▶ Your assignment:
Exact copy, no pictures: output all the records that follow.

▶ Extracted records:
▬▬▬
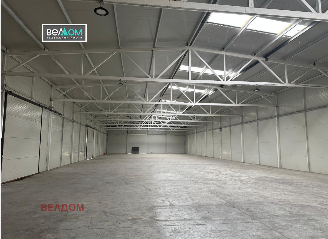 Агенция ВЕЛДОМ дава под наем склад 1000 m2 + офис 100 м2 + ограден двор 3 дка. Метална конструкция, сандвич панели, гладки стени и таван, под-шлайфан бетон, двор- ресан бетон, асфалт и дребнокаменна валирана настилка. Височина на склада 6,00 м, 7,00 м. С големи врати- ролетни щори, на кота нула, тир-подход, санитарни възли. Чисто пространство, без колони.
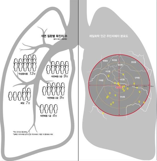 정체 모를 병마와 싸우기를 2년여. 2012년 11월 딸아이(39) 집으로 우편물 하나가 날아들었다. 연신초등학교 졸업생은 석면 피해가 의심되니 가족 모두 검사를 받으라는 내용이었다. 부산 연제구 연산1동 '제일화학'. 국내에서 가장 컸던 이 석면방직공장은 김 씨가 운영하던 '금성슈퍼'와는 300m밖에 떨어져 있지 않았다.
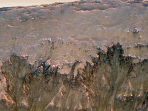 செவ்வாய் கிரகத்தில், இருண்ட சில நீண்ட ஒழுங்கற்ற கோடுகள் போன்ற உருவங்கள் எடுக்கப்பட்ட படங்களில் பதிவாகி உள்ளது. இவை தண்ணீரைக் கொண்ட கட்டிகளாக இருக்க அதிக வாய்ப்புள்ளது. இவை சில பூமி மாதங்களில் பல மடங்காக வளர்ந்து விடுகிறது.
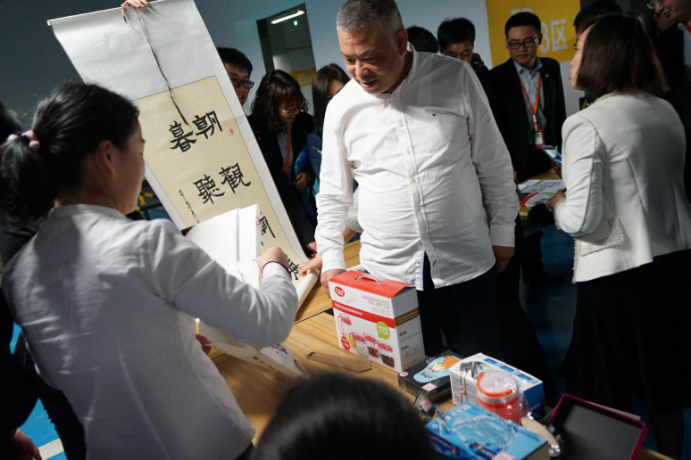 上午十一點,各中心的愛心義賣組陸續到達義賣場地,迅速布置好本組的義賣物品,遠遠望去,琳瑯滿目的商品令人應接不暇。不僅有圖書畫冊、工藝飾品、生活家居,還有古玩字畫、酒水茶葉等等。
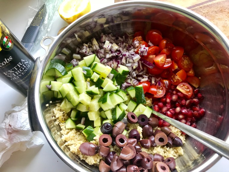 Ha i tomater, rødløk, agurk, granateple, oliven og olivenolje.
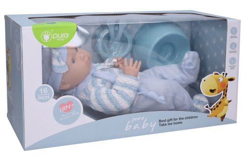 Bábätko v overale modrej. Veľkosť 40 cm. Obsahuje: bábätko, nočník, miska, príbor, cumlík.
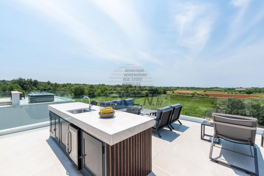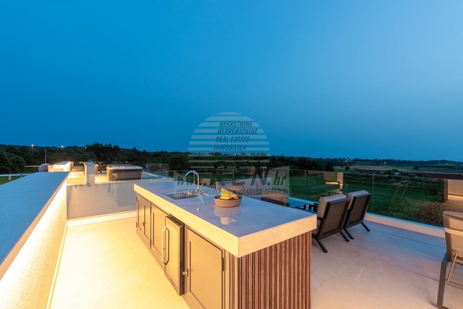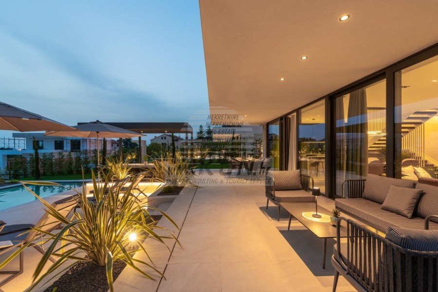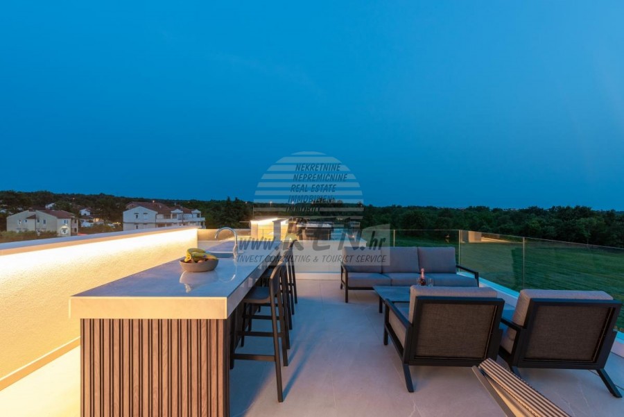 • Dnevni boravak je opremljen vrhunskim talijanskim namještajem marke Tomasella, Sedit-Italia, Veneta Cucine, a sjedeća garnitura je marke Natuzzi.
▬▬▬
▶ Result:
 Агенция ВЕЛДОМ дава под наем склад 1000 m2 + офис 100 м2 + ограден двор 3 дка. Метална конструкция, сандвич панели, гладки стени и таван, под-шлайфан бетон, двор- ресан бетон, асфалт и дребнокаменна валирана настилка. Височина на склада 6,00 м, 7,00 м. С големи врати- ролетни щори, на кота нула, тир-подход, санитарни възли. Чисто пространство, без колони.
 정체 모를 병마와 싸우기를 2년여. 2012년 11월 딸아이(39) 집으로 우편물 하나가 날아들었다. 연신초등학교 졸업생은 석면 피해가 의심되니 가족 모두 검사를 받으라는 내용이었다. 부산 연제구 연산1동 '제일화학'. 국내에서 가장 컸던 이 석면방직공장은 김 씨가 운영하던 '금성슈퍼'와는 300m밖에 떨어져 있지 않았다.
 செவ்வாய் கிரகத்தில், இருண்ட சில நீண்ட ஒழுங்கற்ற கோடுகள் போன்ற உருவங்கள் எடுக்கப்பட்ட படங்களில் பதிவாகி உள்ளது. இவை தண்ணீரைக் கொண்ட கட்டிகளாக இருக்க அதிக வாய்ப்புள்ளது. இவை சில பூமி மாதங்களில் பல மடங்காக வளர்ந்து விடுகிறது.
 上午十一點,各中心的愛心義賣組陸續到達義賣場地,迅速布置好本組的義賣物品,遠遠望去,琳瑯滿目的商品令人應接不暇。不僅有圖書畫冊、工藝飾品、生活家居,還有古玩字畫、酒水茶葉等等。
 Ha i tomater, rødløk, agurk, granateple, oliven og olivenolje.
 Bábätko v overale modrej. Veľkosť 40 cm. Obsahuje: bábätko, nočník, miska, príbor, cumlík.
 • Dnevni boravak je opremljen vrhunskim talijanskim namještajem marke Tomasella, Sedit-Italia, Veneta Cucine, a sjedeća garnitura je marke Natuzzi.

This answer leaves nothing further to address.